Task objective: Below this line is a listing that includes pictures. Copy exactly, and only, the lines from the one containing "Blick von Strand auf Kirche" through the one containing "1.000 Liter, Best.-Nr.: R1118, Bandmischer, Edelstahl,, Wolfking"; the pictures do not go in the copy.
Data for this exercise START
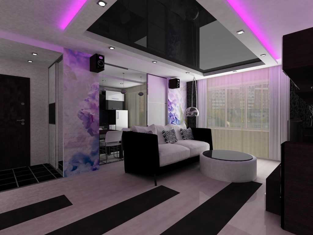 Часто в малогабаритных квартирах кухню совмещают с гостиной – подобный вариант дизайна выглядит современно и оригинально. Чтобы помещение гармонично сочетало в себе место для отдыха и приёма пищи, дизайнеры рекомендуют делить пространство на зоны с помощью двухъярусных натяжных потолков. Для этого в конструкциях нужно применить установку различных геометрических деталей и выполнить разграничение с помощью прямых линий.
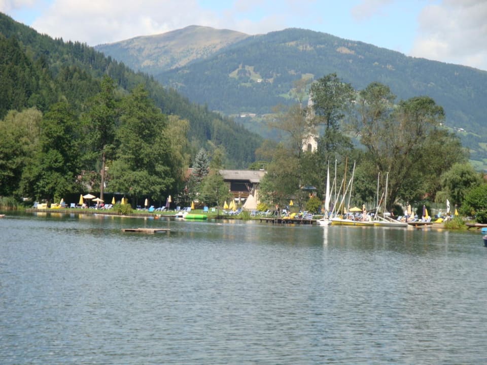 Blick von Strand auf Kirche
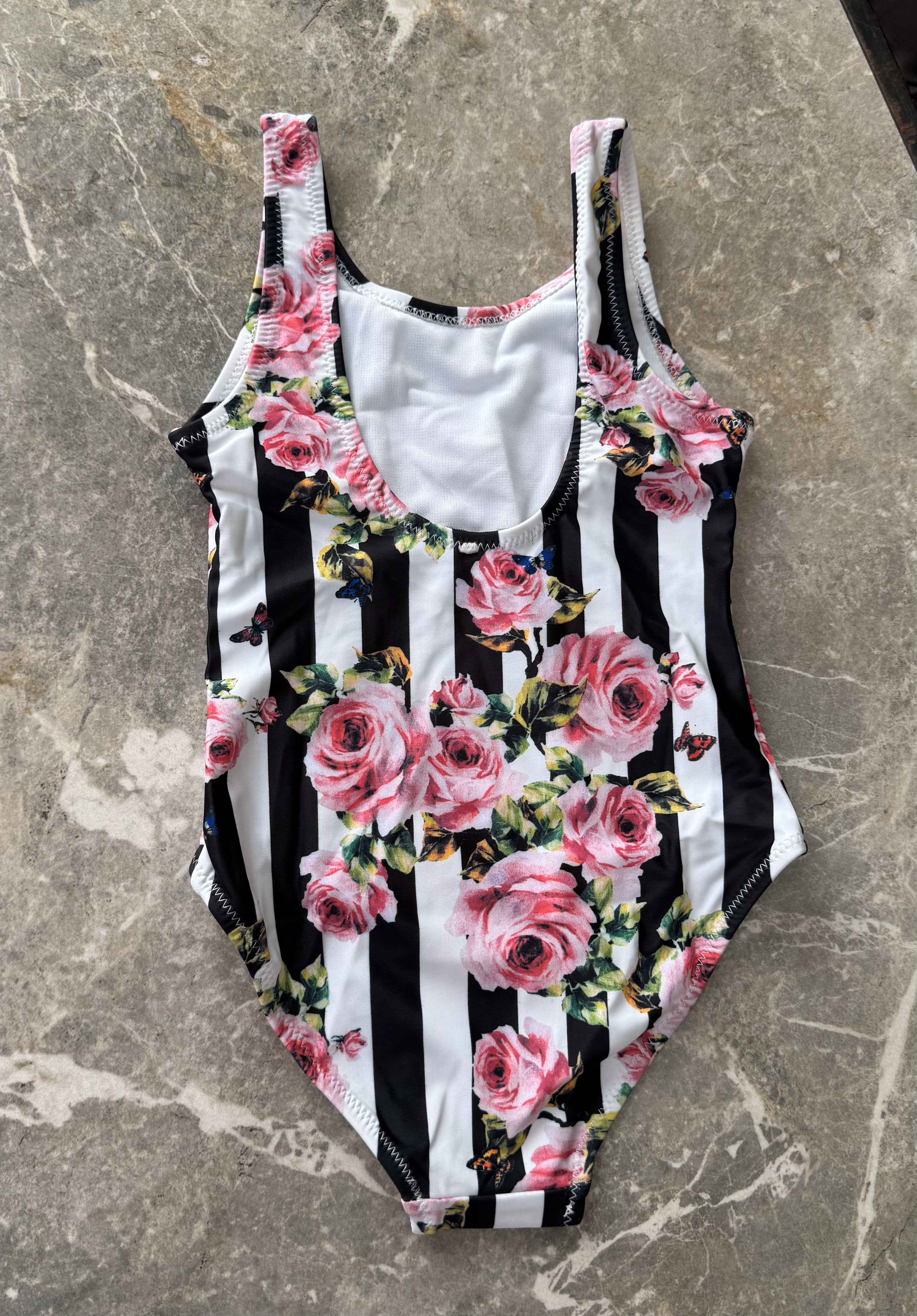 Esta malla enteriza está diseñada para quienes aman los detalles y buscan un look con personalidad incluso en días de pileta o playa. El estampado de rosas en tonos rosados sobre fondo a rayas blanco y negro crea un contraste único y súper elegante, ideal para destacar con un estilo fresco y moderno.
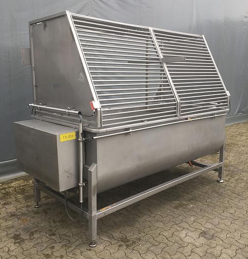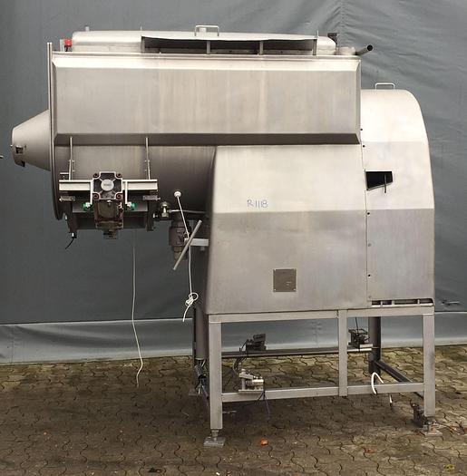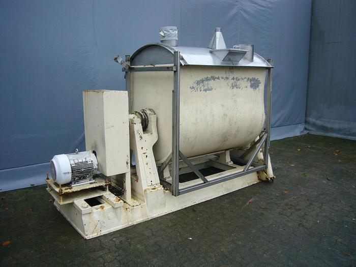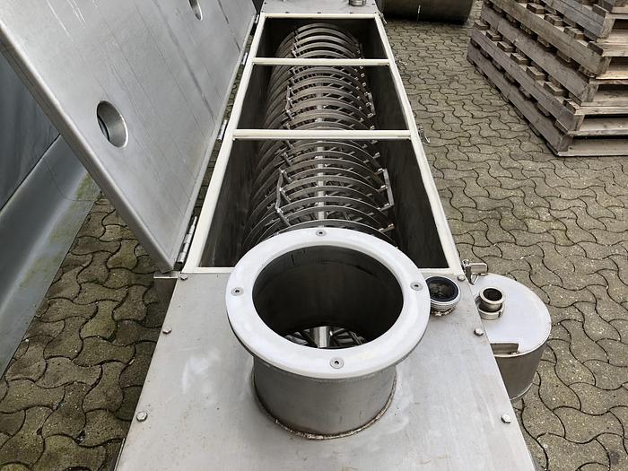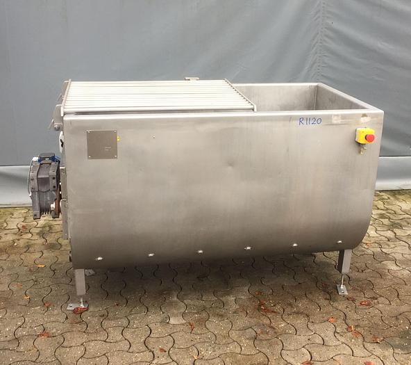1.000 Liter, Best.-Nr.: R1118, Bandmischer, Edelstahl,, Wolfking Bandtyp., Klappdeckel,, Zugauslauf im Boden,, L 2430 x B 1000 x H 2300 mm., Düsen für Stickstoff im Boden,, ohne Schaltschrank., Liter: 1.000, Material: Edelstahl AISI 304
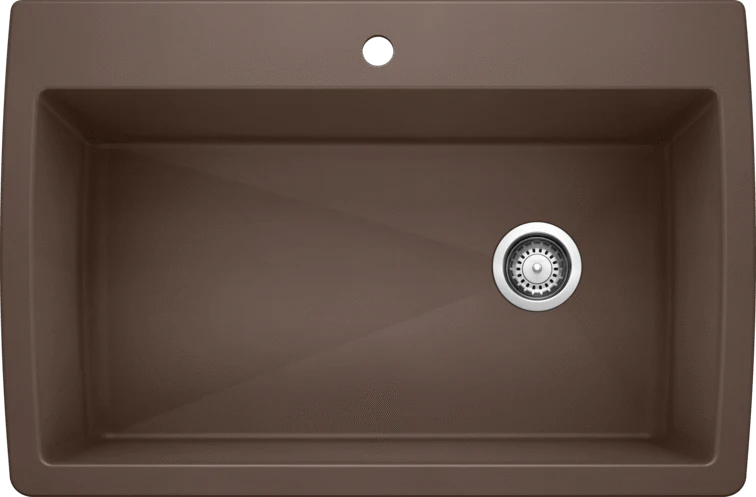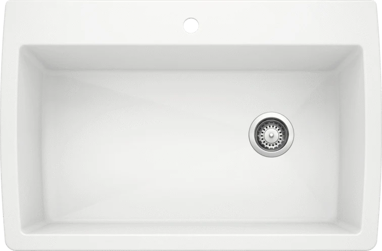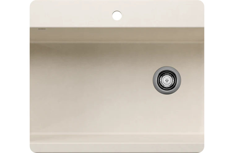 Évier à cuve unique extralarge. Les angles de cuve à faible rayon de courbure optimisent sa capacité. 6 ouvertures supplémentaires pour accessoires. L’évier SILGRANIT composé à 80 % de granit offre tout l’attrait de la pierre naturelle, en apparence comme au toucher, et résiste aux éraflures, aux taches, aux ébréchures et à la chaleur. En raison de la coloration intégrale du matériau, l’évier SILGRANIT ne ternira pas à la lumière directe du soleil. Il est également imperméable aux produits ménagers acides et alcalins. Grâce à une technologie de pointe, sa surface non poreuse est facile à nettoyer et très hygiénique.
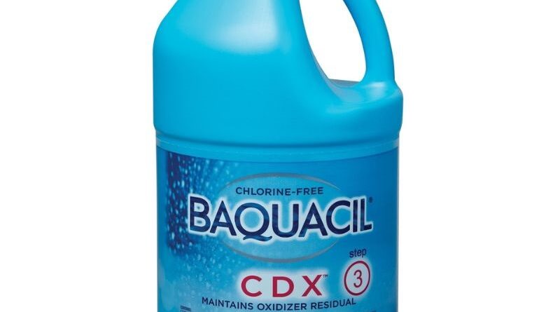 The principle chemical in the BAQUACIL® Pool Care System is a chlorine-free liquid sanitizer that provides safe, consistent control of bacteria and algae. It has a long shelf life, is highly stable in water and lasts longer than chlorine without any of chlorine’s unpleasant side effects. Compatible with BAQUACIL® pools only. Step 1 in the 3-step BAQUACIL® Pool Care System. Available sizes: 1/2 gal.
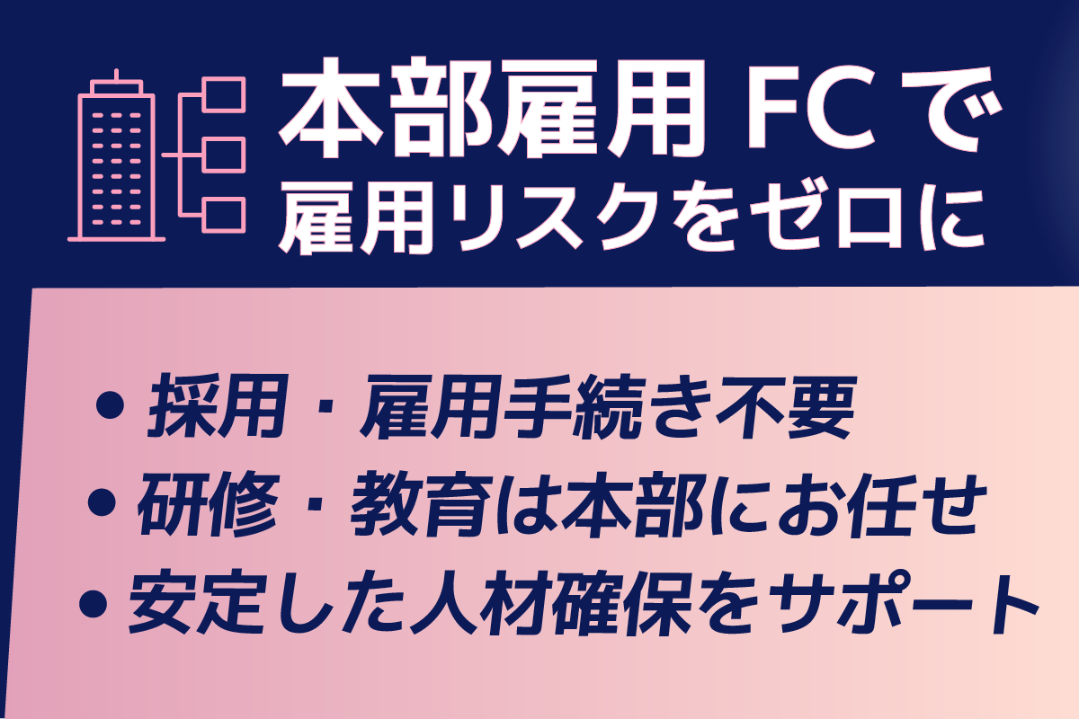 従業員採用を実績の本部担当者が行います。研修制度もしっかりとしており、開業までにプロの技術を身に着けたスタッフを手配できる体制を整えております。
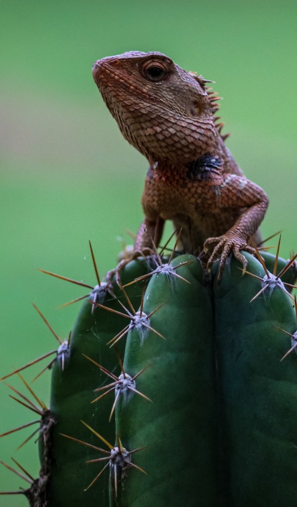 Обои: ящерица на кактусе - 600x1024
Data for this exercise END
Answer:
 Blick von Strand auf Kirche
 Esta malla enteriza está diseñada para quienes aman los detalles y buscan un look con personalidad incluso en días de pileta o playa. El estampado de rosas en tonos rosados sobre fondo a rayas blanco y negro crea un contraste único y súper elegante, ideal para destacar con un estilo fresco y moderno.
1.000 Liter, Best.-Nr.: R1118, Bandmischer, Edelstahl,, Wolfking Bandtyp., Klappdeckel,, Zugauslauf im Boden,, L 2430 x B 1000 x H 2300 mm., Düsen für Stickstoff im Boden,, ohne Schaltschrank., Liter: 1.000, Material: Edelstahl AISI 304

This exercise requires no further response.